The music we grow up with tends toward utter rhythmic simplicity, mostly based on four beats to the measure ("common time," with a signature of 4/4) or three ("waltz time," 3/4); sure, we all know examples of metrical diversity, but to say that we're familiar with compound meter because we can groove on Paul Desmond's "Take Five" is like saying we're conversant in Malay because we use the word "bamboo." The music Taylor collected was in time signatures that would defy most musicians' ability to count and play at the same time: 11/8, 7/16, 9/4, 21/8. Yet these are not mathematical exercises—they're dances, which is part of what made them compelling for her; she says of her musical explorations in general, "I was determined to seek out the danceability in things."

Though some of the music that provided the basis for Unsquare Dances came from Western Europe (Brittany, Portugal, the Basque Country), the Balkan influence is predominant. "A typical rhythm in Bulgaria is anything but business-as-usual for the rest of the world," Taylor says in her notes, and the same can be said of most of the region. Like Bartok, another collector and adapter of folk music who is one of her three favorite composers (with Bach and Thelonius Monk), she used the basic tunes as a framework in compositions that were to be very much her own; as she writes in the notes to "Bosniana," "These duos are not meant to be scholarly studies but creative forays." In "Hommage à Zoltan Kodaly," she adapts a tune collected by the Hungarian composer by "slowly twisting the theme, combining it with several accompanying Afro-pop-like riffs."

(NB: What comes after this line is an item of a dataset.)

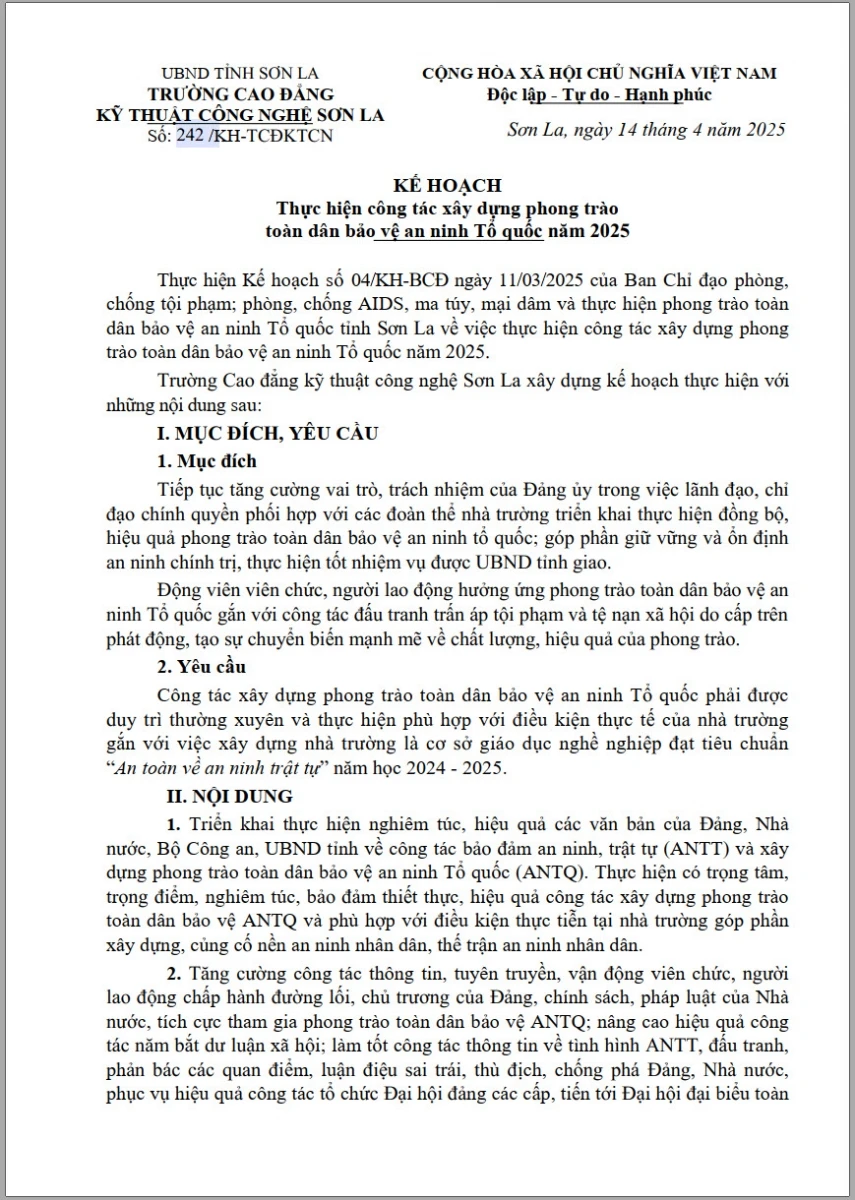 Kế hoạch 242 Thực hiện công tác xây dựng phong trào Toàn dân bảo vệ an ninh tổ quốc năm 2025

The result is an awe-inspiring combination of simple melodies, wild compound meter and polyrhythms, and fiddling pyrotechnics. BeauSoleil's Michael Doucet commented on hearing it, "Wow! What's that—Bartok on acid?" Based in folk, and filtered through a mind that has already fused myriad disparate traditions, it is a combination that defies classification. "The progression went from classical, to fiddling, to jazz. And then, when I was in Europe, I reached a point when there was no longer any distinction for me—in my mind, in my ear, in my imagination."